Whenever a visiting jazz great came to a Monday-night show at Kuumbwa Jazz Center, more likely than not, Smith Dobson was the pianist of choice. "He was always our first-call guy for the rhythm section," says Tim Jackson, director of Santa Cruz's Kuumbwa Jazz Center and general manager of the Monterey Jazz Festival.
Smith was a regular at both venues for many years and was honored at last year's Monterey Festival. He also frequently performed with his wife, vocalist Gail, daughter, Sasha, and son, Smith Jr., as the Dobson Family Band, often in the most accessible places--I once remember seeing them on a sunny afternoon in the courtyard at the Aptos Center. His love of music led him into teaching as well--he was one of the founders of the San Jose Summer Jazz Camp and an instructor at UCSC. Smith Dobson was indispensable to our musical lives.
And so it was deeply shocking to learn that Dobson had died in a solo car crash last Friday on Highway 85. Characteristically, the tireless musician was returning to his home in Santa Cruz from a gig over the hill.
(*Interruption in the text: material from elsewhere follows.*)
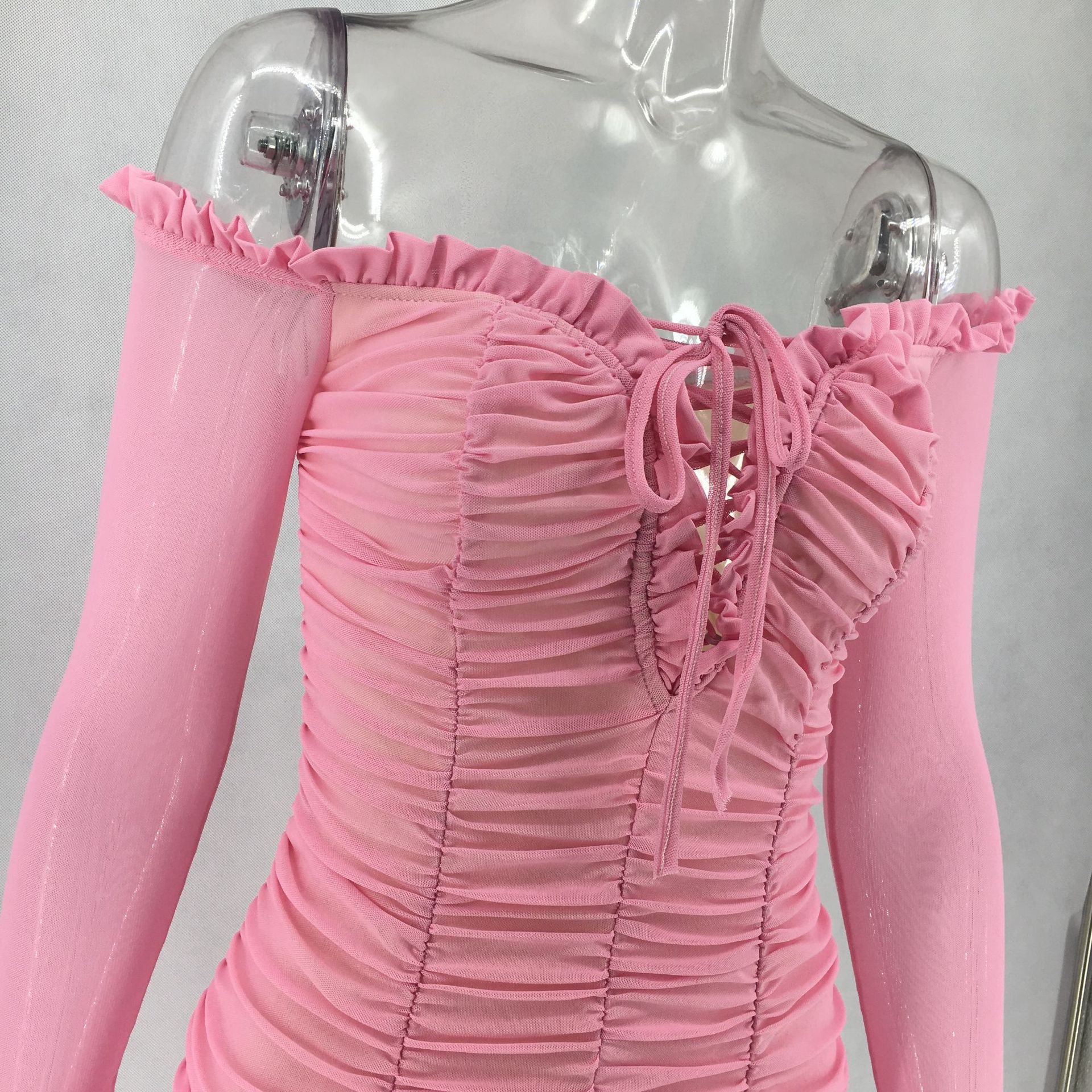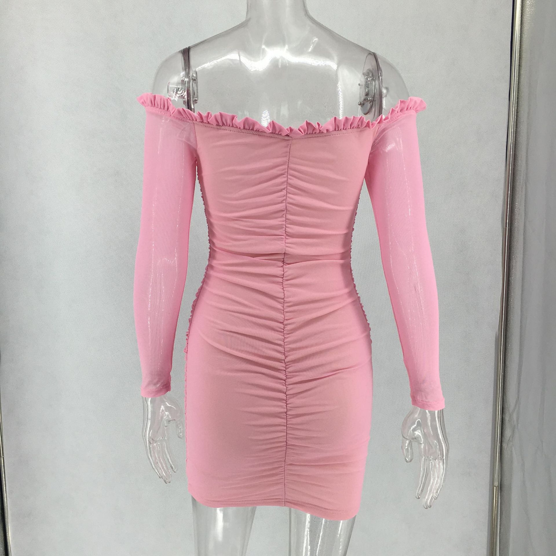 • Off Shoulder Ruched Bodycon Dresses 88211592277#

He was 54.
Jackson recalls that Smith and Gail Dobson performed on the opening weekend at the Kuumbwa Jazz Center in 1977 and shortly thereafter relocated to Santa Cruz, which meant "that someone special, someone of his caliber, was moving into the area." In addition to his innumerable appearances at Kuumbwa, Dobson also organized the Jazz Series at the Garden City club, a program that brought Kuumbwa-style concerts to the San Jose Area from 1981 until the late 1990s.
Smith Dobson was born in Stockton, Calif. His mother was a jazz vocalist, and his father played both the piano and the accordion. In an interview last year with Metro Santa Cruz, Dobson recalled, "I was learning about harmony even before I could talk, singing along with my mother. My real love and interest has always been harmony and how it moves around. The first time I heard some good bebop, must have been Charlie Parker. I was around 7 or 8, and it just took my head off."
In the late '60s, Dobson performed with the Airmen of Note, an Air Force jazz outfit that recorded with Cannonball and Nat Adderley, Joe Pass, Clark Terry and Joe Williams among others. Over the years, Dobson provided rhythm support for a host of jazz stars, such as Stan Getz, Herb Ellis, Red Holloway, Toots Thielmans, Joe Henderson and, most notably, Bobby Hutcherson, with whom Dobson collaborated for 11 years.
"His music was a lot like him," Jackson says. "There was a lot of humanity in his music. He had a way of reaching people. He was like that off the bandstand as well. He was extremely encouraging to all musicians. It really comes down to that humanity that he had. More than the notes, it was the feeling he generated on the bandstand."
Dobson passing is already having a profound effect on the local musical scene. Big-band leader and jazz educator Ray Brown of Cabrillo College, who frequently performed with Dobson, says, "I lost my best friend and my favorite musician to play with. As a person he always had the brightest outlook about everything, especially when he sat down behind the piano."
A memorial service for Smith Dobson is planned for Thursday (April 26) at 1pm at Oakwood Memorial Chapel, 3301 Paul Sweet Road, Santa Cruz.